For the time being, while we work a bit on improving the performance of the new package extension, you might want to try ITensorGPU, which uses cuTENSOR by default.

Hi,

Thanks a lot for the information. I also tried with ITensorGPU but it is about 5 times slower for the same calculation above.

In general, do you know at roughly what bond dimension I should expect a speedup with the GPU? For now the largest system I need to deal with is a 20-qubit system (we are still unsure what is the appropriate bond dimension to use for the system, could depend on the experimental noise).

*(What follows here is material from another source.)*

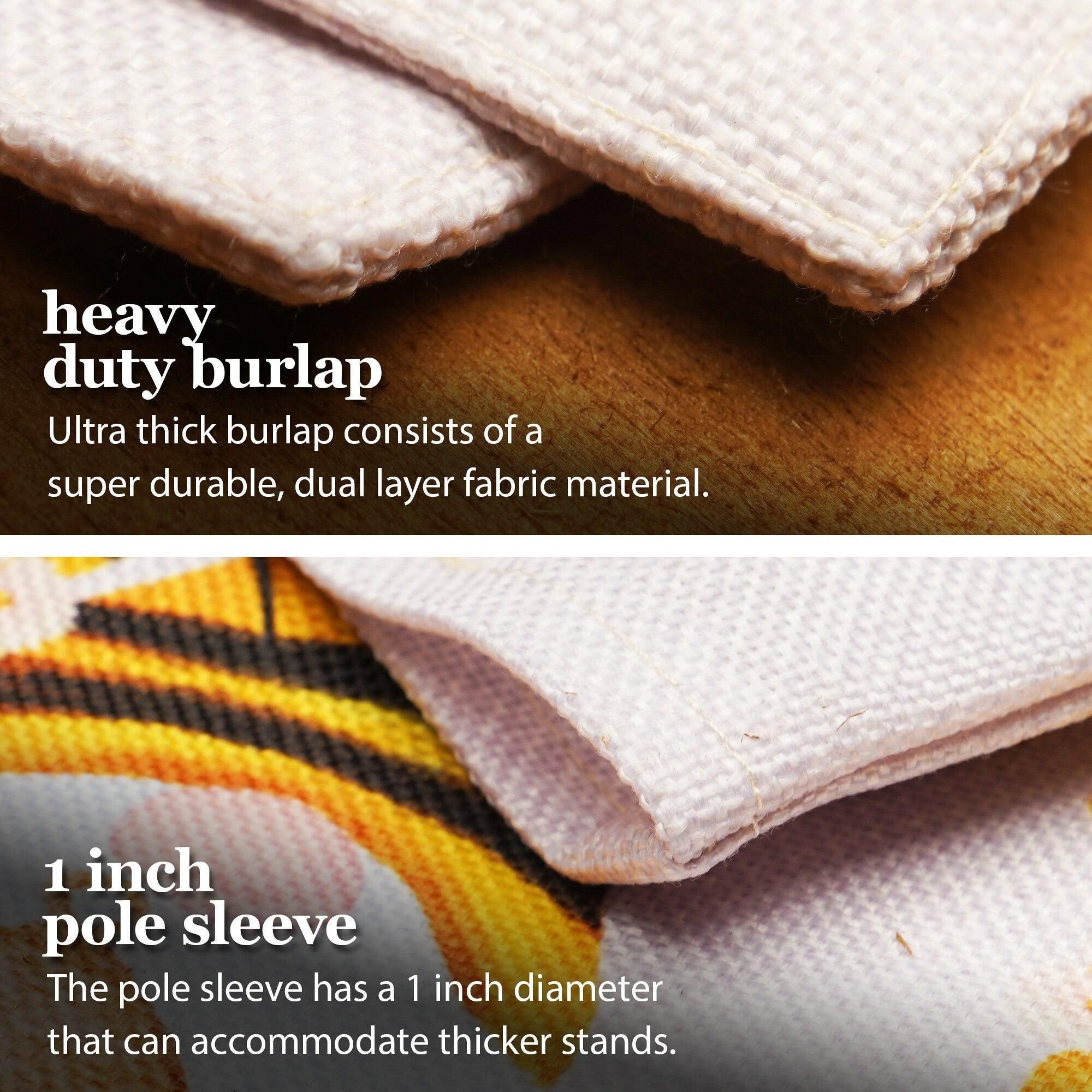 2.rusting and fading, great for outdoor use! decorative: this combo set will add liveliness to your front door or backyard garden.this combo is perfect for holidays, special events, seasons, everyday display, or as a gift for a loved one! specs: garden flag stand is 36" x 16" after assembly from black iron 3 piece set; flag is a 12"x18" size double sided burlap garden flag. imported, 100% polyester

So to clarify, you find that running:

using ITensors
# using ITensorGPU
# using CUDA
c = randomMPS(sites; linkdims=10)
c = projector(c)
cc = cu(cc)
@time apply(c', c)
@time apply(cc', cc)

takes about 1 minute on CPU, about 5 minutes on GPU with ITensorGPU, and more than 2 hours using the package extension? That would be a helpful reference point, I’m certain we can get the package extension down to the speed of ITensorGPU with a few small adjustments. @kmp5

Also, I think maybe you want to use apply(c, c) instead of apply(c', c), the first contracts the MPOs together while the second one does some kind of outer product (I’m actually not quite sure what it’s doing to be honest, I think it may not be well defined).

I’m not sure, and I think it would depend a lot on what specific algorithm you are running so you’d have to do your own investigation. Tensor contractions generally get the best speedup on GPU (as opposed to tensor decompositions), so algorithms dominated by tensor contraction should generally get better speedups on GPU. But bond dimensions of 10 are quite small. GPUs take advantage of parallelization and arithmetic density so should be fed a lot of data that they can parallelize.

Yeah that’s correct.

I quickly tried with apply(c, c). It is faster overall, but the trend for CPU and the ITensorGPU performance is the same (so about 5 times slower with ITensorGPU).

Thanks. I will do a bit more investigation with the algorithm we are using.